You can assume that $k$ is such that $\lnot P(k)$. Then $k\neq 0$, because $P(0)$. But then $\lnot P(k-1)$ by part $B$, so the second term in the conjunction is false.

Answer 2

Part A

P(164) could be either. 165 could be the first n with P(n)

Part B it's OK

Part C

if $P(165)$ then true

if $\neg P(165)$ then $\neg P(n) \forall n< 165$ this implies that $\exists n \in N: n < 165 \wedge \neg P(n)$

Then Part C is true

Part D Is false If $\neg P(k)$ for some k, but $k-1<k \implies P(k-1) $ but $P(k-1) \implies P(k)$ Then you got $P(k)$ and $\neg P(k)$ is a contradiction

Answer 3

Part A asks: Assume $P(165)$, state whether the following is True, False or could be either:

$P(164)$ -- I put True

That's not correct. The direction of the implication only allows us to infer $P(n)$ for numbers $>165$, and by contraposition it would allow us to infer $\neg P(n)$ for numbers $<165$ if we had $\neg P(165)$. But knowing $P(165)$ tells us nothing about the truth of $P(164)$; both $P(164)$ and $\neg P(164)$ are consistent with the assumptions $P(n) \to P(n+1)$ and $P(165)$.

$P(166)$ -- True

Correct, by direct application of $P(n) \to P(n+1)$ with $n=165$.

Part B asks: Assume $\neg$ $P(165)$, state whether the following is True, False or could be either:

$P(164)$ -- False

Correct, by contraposition on the implication: $\neg P(n+1) \to \neg P(n)$ with $n=164$.

$P(166)$ -- Either

Correct. Neither $P(166)$ nor $\neg P(166)$ would contradict the conjunction of the statements $P(165)$ and $P(n) \implies P(n+1)$, in a similar manner as for A.1.

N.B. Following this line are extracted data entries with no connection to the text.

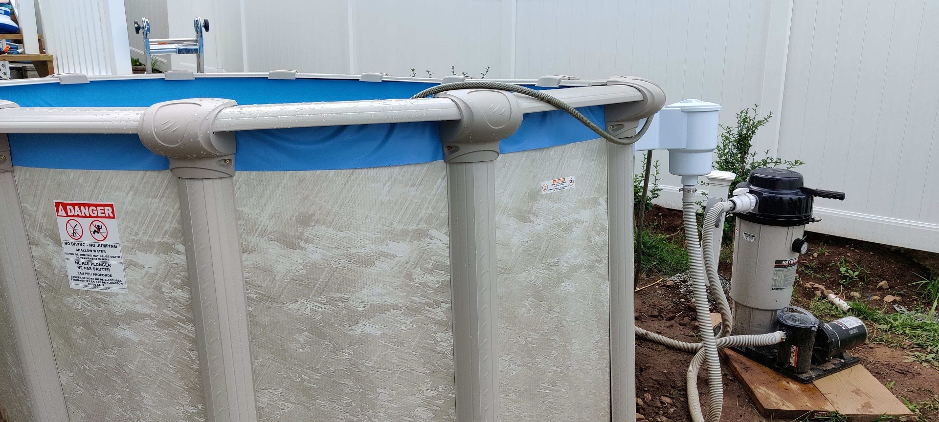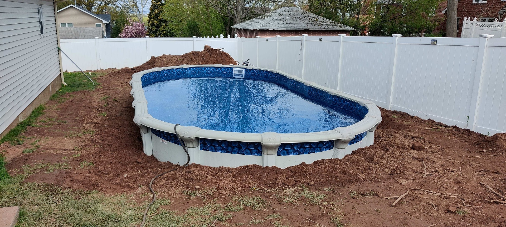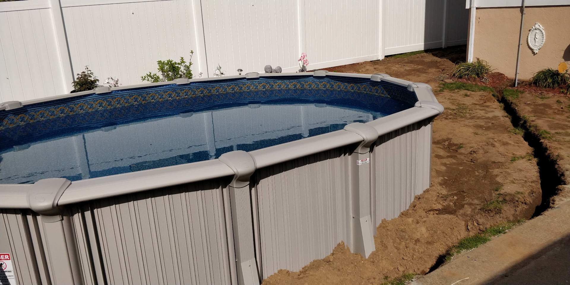 Turn-key above-ground pool installation: foundation prep, assembly, equipment, plumbing, and start-up.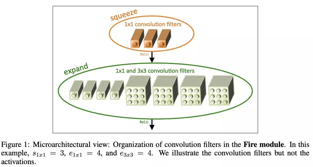 SqueezeNet的核心模块为Fire模块, 结构如图 1 所示, 输入层先通过squeeze卷积层 卷 积)进行维度压缩,然后通过expand卷积层 卷积和 卷积混合)进行维度扩展。Fire模 块包含 3 个参数, 分别为squeeze层的 卷积核数 , expand层的 卷积核数 和 层的 卷积核数 , 一般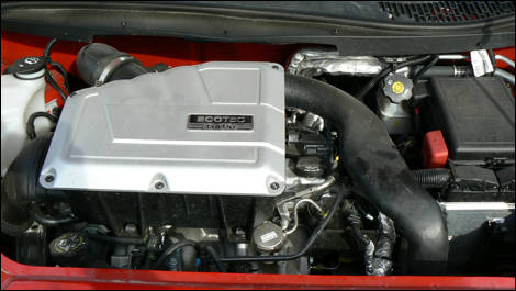 HHR SS's powerplant is a legend in online compact-tuner discussion boards. It's a two-litre mill, the supercharger now dropped in favor of an intercooled turbo that helps net 260 horsepower.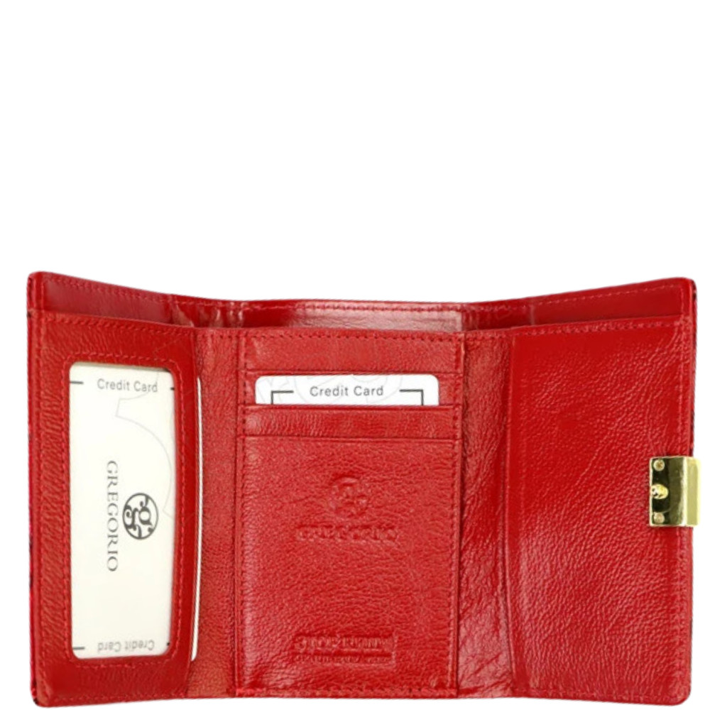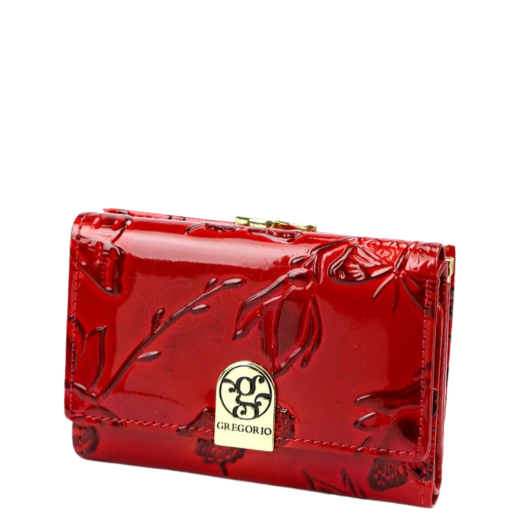 Gregorio lakk bőr női pénztárcapatentos fő rekesz1 db papírpénz tartó2 db rejtett zseb belül3 db kártyatartó belül1 db fényképtartó belülhátulján keretes osztott aprótartóRFID védelemSzé:12 x Ma:8 x Mé:2 cm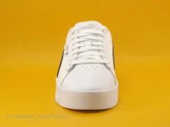 La marque Puma s’affiche à l’arrière des baskets, sur la petite languette bleue qui aide à enfiler la chaussure.

Part C asks: state whether the following is True, False or could be either:

$P(165) \vee \exists n \in N: n < 165 \wedge \neg P(n) $

And I wasn't quite sure how to tackle C.

Focus on the second disjunct, then do a proof by cases.
$\exists n \in N: n < 165 \wedge \neg P(n)$ could be true without contradicting the assumptions (for example, set $n=164$ like above), in which case the disjunction becomes true.
If $\exists n \in N: n < 165 \wedge \neg P(n)$ is false, then this is equivalent to stating that $\forall n\in n: n < 165 \to P(n)$, hence also $P(164)$, from which we can derive $P(165)$ with the help of the assumptions, so the left disjunct and thereby the formula is true.
Hence C is always true.

Lastly, Part D: Assume for this part that also $P(0)$ and prove or disprove without using induction:

$\exists k \in N: \neg P(k) \wedge \forall n \in N: n < k \implies P(n)$

Induction would immediately tell us that $P(n)$ holds of all $n \in N$ so there will be no $k$ which can fulfill the first conjunct; but without using induction:
Consider the possible values for $k$.
If we try $k=0$, then the first conjunct $\neg P(k)$ would be a direct contradiction to our assumption $P(0)$, so $k=0$ can not satisfy the formula.
For $k>0$, if we want the second conjunct to be true in order to make the formula true, then instantiating $\forall n \in N: n < k \implies P(n)$ with $n=k-1$ gives us $P(k-1)$, which together with $\forall n \in N: P(n) \implies P(n+1)$ implies $P(k)$, which again renders the first conjunct $\neg P(k)$, and hence the quantified formula for that $k$, false.
Since there is no $k$ for which both conjuncts can be true, statement D can only be false.